In America’s culture wars, words are the weapons of choice.
The problem with this, I have increasingly noticed, is that the words used often mean completely different things to the two sides.
Take racism. In my experience, the word carries a spectrum of meanings. On one end, you have people who think of racism only as a hatred of all people with a different color of skin, possibly to the point of wanting them dead. On the other end, you have people whose much broader definition of racism includes unjust institutional structures, microaggressions, cultural appropriation and even the unconscious biases of well-meaning people.
I watched last summer as those differing definitions caused complete meltdowns in communication. If someone used the word racist, what one person heard as “We can all do better at combating our own prejudices, so that’s why I’m explaining to you why what you said is harmful,” another person would hear as an accusation that they love Hitler and the Ku Klux Klan. Things would go downhill from there.

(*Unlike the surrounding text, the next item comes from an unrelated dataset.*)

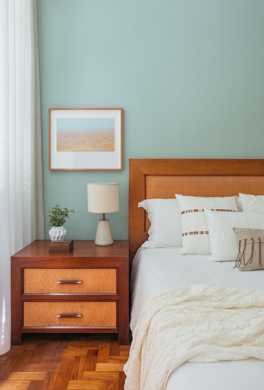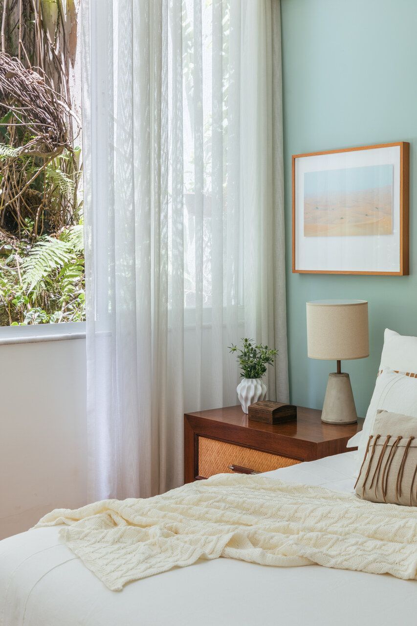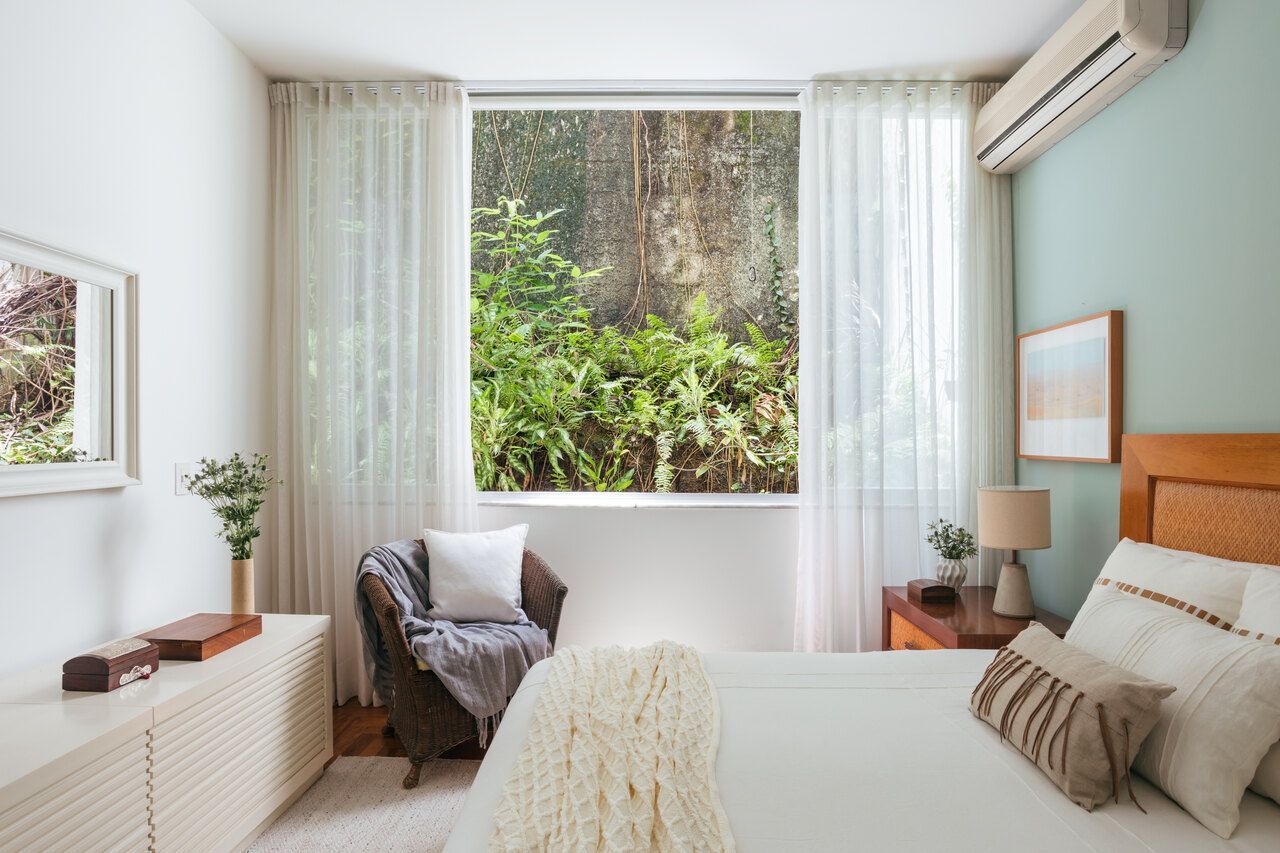 Uma das mudanças mais significativas foi a criação de uma suíte principal nos fundos, abrindo mão da suíte original com vista para a Lagoa. A nova suíte conta com dois banheiros para o casal e um closet. Essa parte do apartamento se tornou um refúgio tranquilo, isolado do ruído da cidade, com uma ampla janela com vista para um pequeno jardim interno. Os pássaros dessa região, de diversas espécies, proporcionam um despertar encantador a cada manhã.
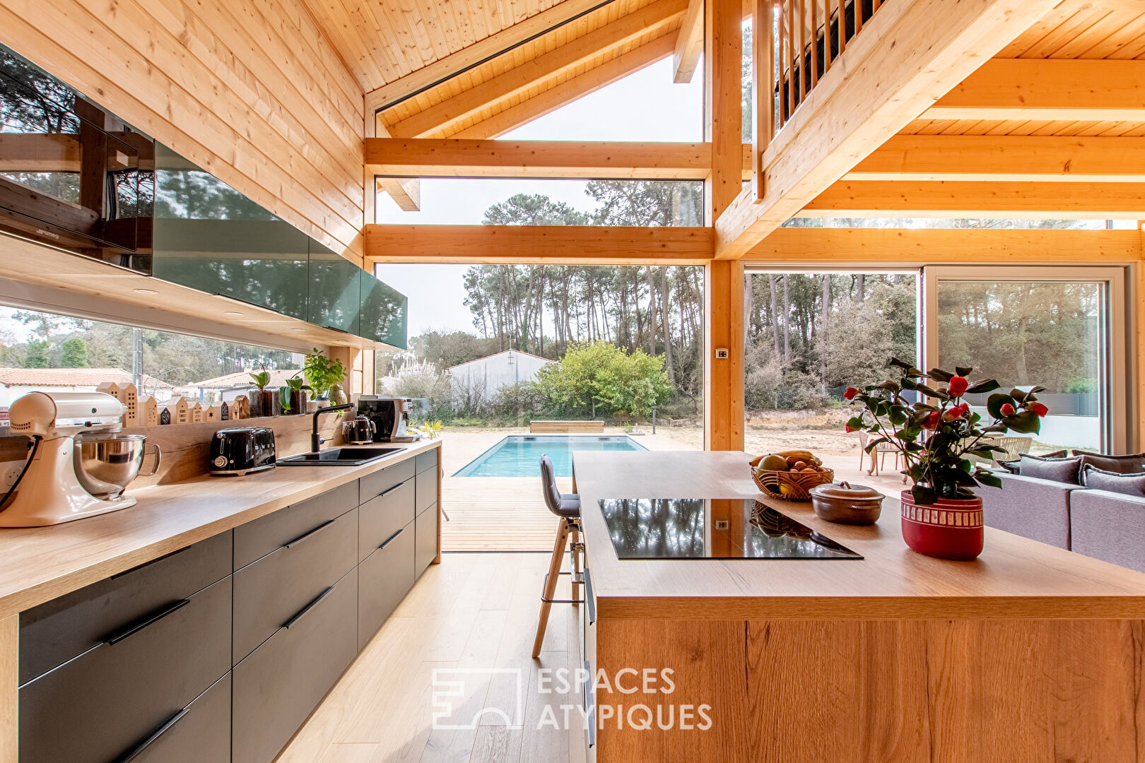 Sur la commune de Jard-sur-Mer, cette superbe maison en bois d’inspiration scandinave, implantée sur une parcelle de 1730m², se déploie sur 120 m² environ.

You can see the same problem repeat itself over and over again as liberals and conservatives have absurd arguments based on the fact they both have very different definitions of words like “gender” or “rights”. Half our political discourse these days is like going into a classroom of kindergarteners and telling half of them that “blurble” is the number of fingers they have on one hand and telling the other half that it’s the number of feet they have, and then asking the class what blurble plus blurble is.
I’m sure everyone reading this right now is absolutely convinced that their own definition is the correct one in every case, and everyone who doesn’t agree with them is a dummy.
Perhaps you are right. But even if that were the case, we’re not going to accomplish anything worthwhile in this country if we can’t have even a basic dialog.
As you talk about controversial issues, discuss what both of you mean. If you say “Congress should pass gun control,” you might mean universal background checks and the person you’re talking to might think you mean banning all private ownership of guns. Meanwhile, “I’m against gun control” to them might mean “I think there should be few restrictions on gun ownership,” while you might be assuming they mean convicted felons should be able to walk the streets with machine guns. Establishing in good faith what you both mean when you use the phrase “gun control” will lead to a far more productive discussion.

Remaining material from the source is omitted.